Print (A is B)//true

A= "Good"

B= "Good"

Print (A is B)//true

A= "It's a very good day"

B= "It's a very good day"

Print (A is B)//false

A=[]

B=[]

Print (A is B)//false

Because Python caches integers and short strings, each object has only one copy. For example, all integer 1 references point to the same object. Even if an assignment statement is used, only new references are created, not the object itself. Long strings and other objects can have multiple identical objects, and you can use an assignment statement to create a new object.

In Python, each object has a total number of references to that object, that is, the reference count (reference count). We can use the Getrefcount () in the SYS package to see the reference count of an object. It is important to note that when a reference is passed to Getrefcount () as a parameter, the parameter actually creates a temporary reference. As a result, Getrefcount () will get 1 more results than expected.

From sys import Getrefcount

A = [1, 2, 3]

Print (Getrefcount (a))//2

b = A

Print (Getrefcount (b))//3

When an object A is referenced by another object B, the reference count of a increases by 1.

From sys import Getrefcount

A = [1, 2, 3]

Print (Getrefcount (a))//2

b = [A, a]

Print (Getrefcount (a))//4

A reference to a container object can constitute a complex topology. We can use the Objgraph package to draw its referential relationships, such as:

x = [1, 2, 3]

y = [x, Dict (key1=x)]

z = [y, (x, y)]

Import Objgraph

Objgraph.show_refs ([z], filename= ' ref_topo.png ')

Objgraph is a third-party package for Python. You need to install Xdot before installing.

sudo apt-get install Xdot

sudo pip install Objgraph

Two objects may be referenced to each other, thus constituting a so-called reference ring (reference cycle). Such as:

A = []

b = [A]

A.append (b)

Even an object, you just have to refer to yourself, you can form a reference ring.

A = []

A.append (a)

Print (Getrefcount (a))//3

The reference count for an object may be reduced. For example, you can use the DEL keyword to delete a reference:

From sys import Getrefcount

A = [1, 2, 3]

b = A

Print (Getrefcount (b))//3

Del A

Print (Getrefcount (b))//2

a=[1,2,3]

Print (Getrefcount (a))//2

B=[a,a]

Print (Getrefcount (a))//4

Print (Getrefcount (b))//2

If a reference points to object A, the reference count of object A is reduced when the reference is redirected to a different object B:

From sys import Getrefcount

A = [1, 2, 3]

b = A

Print (Getrefcount (b))//3

A = 1

Print (Getrefcount (b))//2

Eating too much is always getting fatter, so does python. As the objects in Python become more and more, they will occupy more and more memory. But you don't have to worry too much about Python's figure, it would be nice to "lose weight" at the right time, start garbage collection (garbage collection), and erase useless objects. There are garbage collection mechanisms in many languages, such as Java and Ruby. Although the ultimate goal is to create a slim reminder, there is a big difference in weight loss programs in different languages.

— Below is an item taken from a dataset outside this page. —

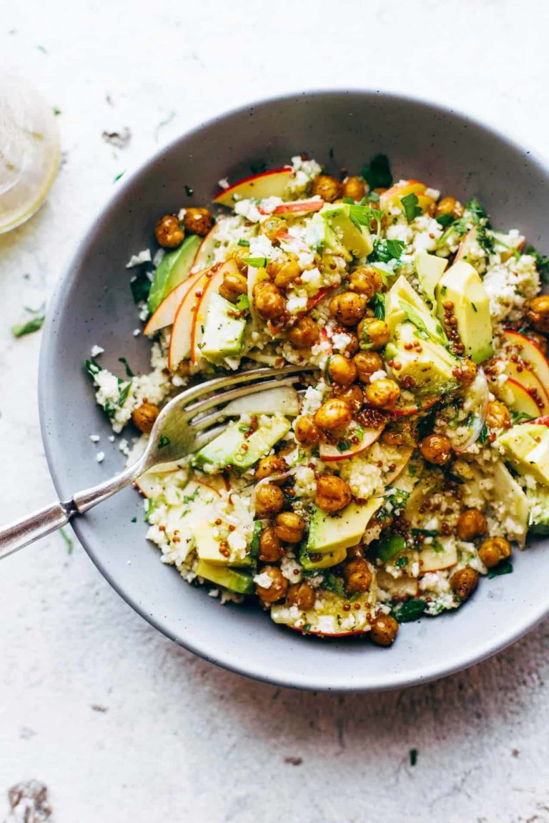 An herby, fresh vegan power salad featuring cauliflower, apples, shallots, roasted spiced chickpeas, and a quick grainy mustard dressing.

On the basic principle, when the reference count of an object in Python falls to 0 o'clock, it means that there is no reference to the object, and the object becomes garbage to be reclaimed. For example, if a new object is assigned to a reference, the reference count of the object becomes 1. If the reference is deleted and the reference count of the object is 0, then the object can be garbage collected. For example, the following table:

A = [1, 2, 3]

Del A

After del A, no references have been made to this table previously established [1, 2, 3]. It is impossible for a user to touch or use this object in any way. If the object stays in memory, it becomes unhealthy fat. When garbage collection starts, Python scans the object that has a reference count of 0, emptying the memory it occupies.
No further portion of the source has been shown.